Records shown:
%%

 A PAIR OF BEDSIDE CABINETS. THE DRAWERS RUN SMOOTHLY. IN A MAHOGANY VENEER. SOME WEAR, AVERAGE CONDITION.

%%
%%

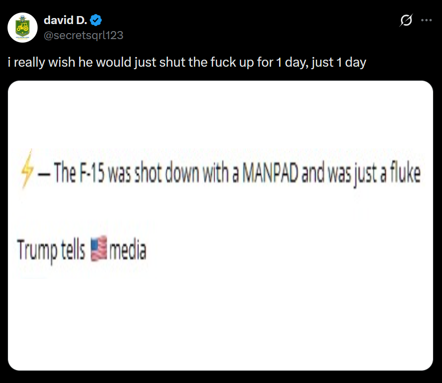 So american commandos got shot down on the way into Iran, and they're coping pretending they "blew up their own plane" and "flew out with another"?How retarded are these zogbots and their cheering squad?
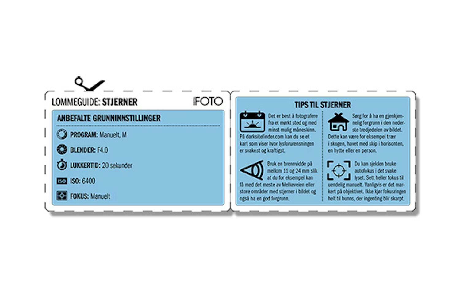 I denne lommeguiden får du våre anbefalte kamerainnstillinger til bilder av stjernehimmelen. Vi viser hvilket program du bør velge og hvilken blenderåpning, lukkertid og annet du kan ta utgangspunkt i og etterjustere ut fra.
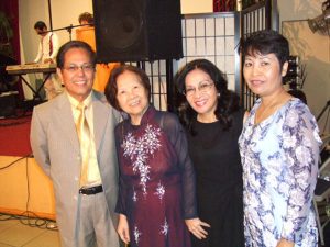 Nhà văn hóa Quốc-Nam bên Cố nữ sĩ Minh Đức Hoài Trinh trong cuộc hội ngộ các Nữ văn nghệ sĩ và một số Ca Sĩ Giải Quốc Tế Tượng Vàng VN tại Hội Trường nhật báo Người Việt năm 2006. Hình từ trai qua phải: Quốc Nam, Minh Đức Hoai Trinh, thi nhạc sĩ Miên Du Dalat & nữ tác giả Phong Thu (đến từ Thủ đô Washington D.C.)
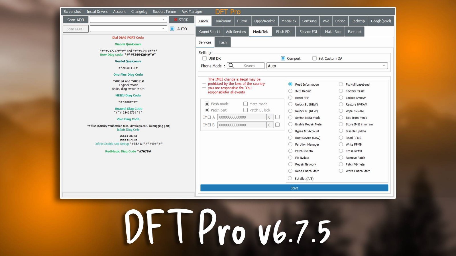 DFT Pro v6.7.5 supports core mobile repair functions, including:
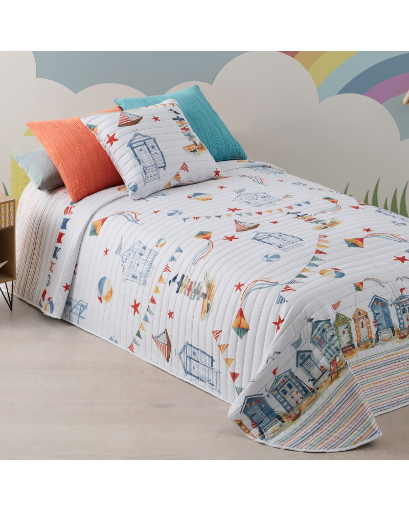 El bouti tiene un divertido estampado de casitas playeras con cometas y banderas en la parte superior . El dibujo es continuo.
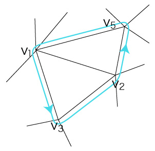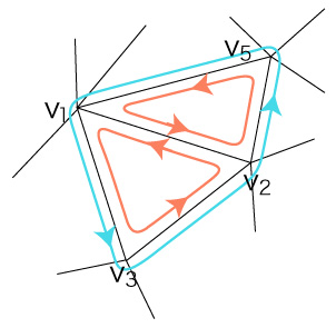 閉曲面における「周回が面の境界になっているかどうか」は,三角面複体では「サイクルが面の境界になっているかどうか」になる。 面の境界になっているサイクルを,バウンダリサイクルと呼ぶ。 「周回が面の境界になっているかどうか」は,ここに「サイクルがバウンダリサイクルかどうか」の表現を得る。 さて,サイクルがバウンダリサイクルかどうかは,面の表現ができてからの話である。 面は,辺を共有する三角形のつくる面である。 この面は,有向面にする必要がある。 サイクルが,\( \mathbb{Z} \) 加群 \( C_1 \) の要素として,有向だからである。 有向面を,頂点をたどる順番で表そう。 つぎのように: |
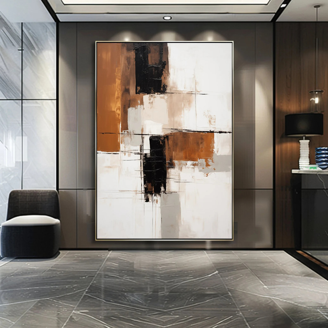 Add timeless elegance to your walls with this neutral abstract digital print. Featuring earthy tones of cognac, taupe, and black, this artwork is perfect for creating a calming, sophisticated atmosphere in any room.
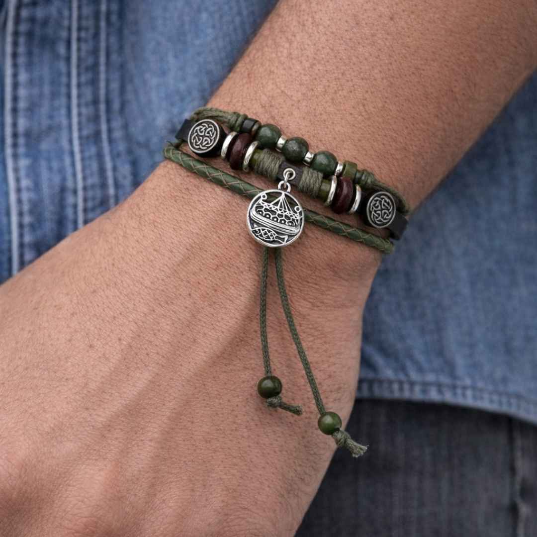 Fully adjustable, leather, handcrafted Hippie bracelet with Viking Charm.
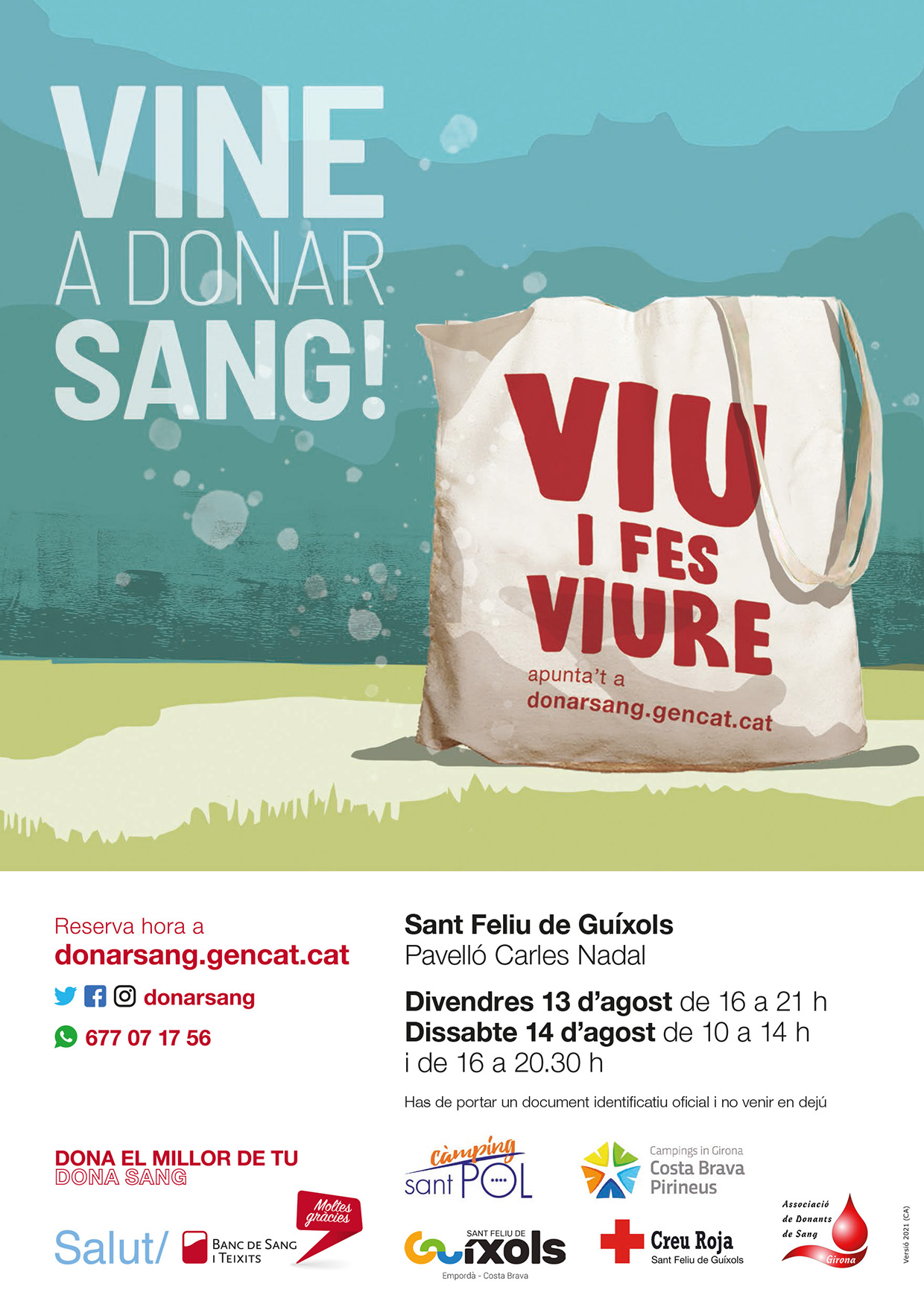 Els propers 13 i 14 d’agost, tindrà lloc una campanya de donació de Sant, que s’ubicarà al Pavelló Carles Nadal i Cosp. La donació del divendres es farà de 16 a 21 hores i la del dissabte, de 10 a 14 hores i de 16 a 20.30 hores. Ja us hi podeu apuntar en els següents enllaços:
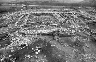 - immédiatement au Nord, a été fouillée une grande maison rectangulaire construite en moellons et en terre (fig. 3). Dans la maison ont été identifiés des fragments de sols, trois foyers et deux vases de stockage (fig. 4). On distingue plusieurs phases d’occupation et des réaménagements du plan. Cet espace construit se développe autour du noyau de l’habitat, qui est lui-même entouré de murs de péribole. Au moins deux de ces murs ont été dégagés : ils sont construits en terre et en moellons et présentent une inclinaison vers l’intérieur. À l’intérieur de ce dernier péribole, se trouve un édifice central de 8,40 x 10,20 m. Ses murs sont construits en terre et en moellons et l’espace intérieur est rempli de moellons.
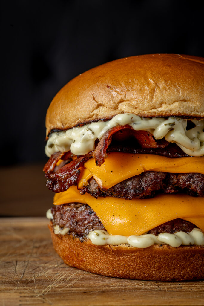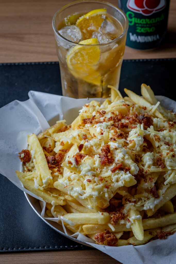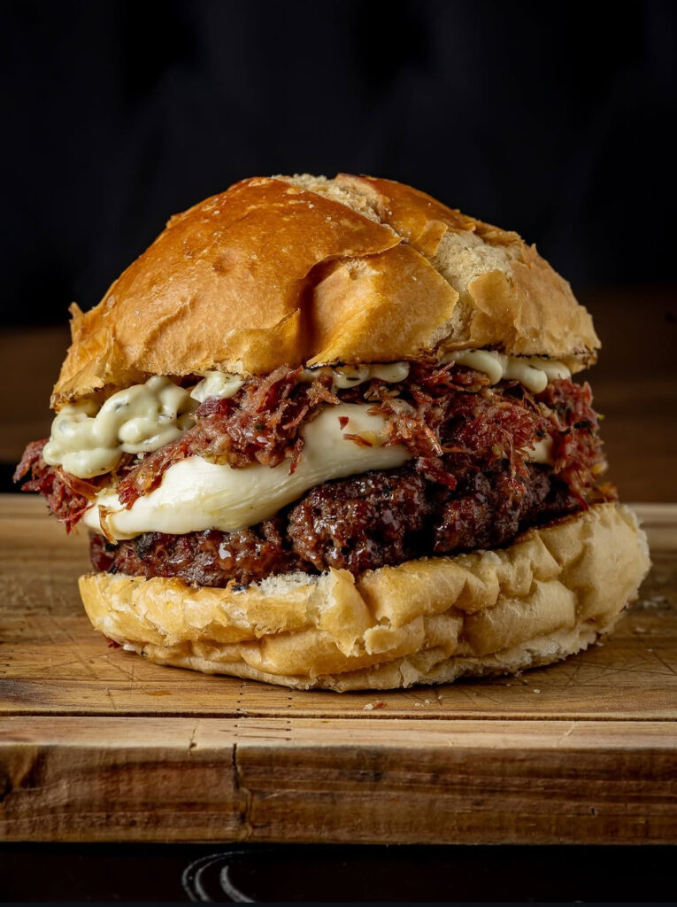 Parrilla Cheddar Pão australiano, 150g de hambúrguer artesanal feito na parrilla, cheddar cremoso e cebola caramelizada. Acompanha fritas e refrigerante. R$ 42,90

%%

Task instructions: With pictures excluded, reproduce exactly the lines above from the one containing "So american commandos" down to the one containing "I denne lommeguiden", those two included.

Expected answer:
 So american commandos got shot down on the way into Iran, and they're coping pretending they "blew up their own plane" and "flew out with another"?How retarded are these zogbots and their cheering squad?
 I denne lommeguiden får du våre anbefalte kamerainnstillinger til bilder av stjernehimmelen. Vi viser hvilket program du bør velge og hvilken blenderåpning, lukkertid og annet du kan ta utgangspunkt i og etterjustere ut fra.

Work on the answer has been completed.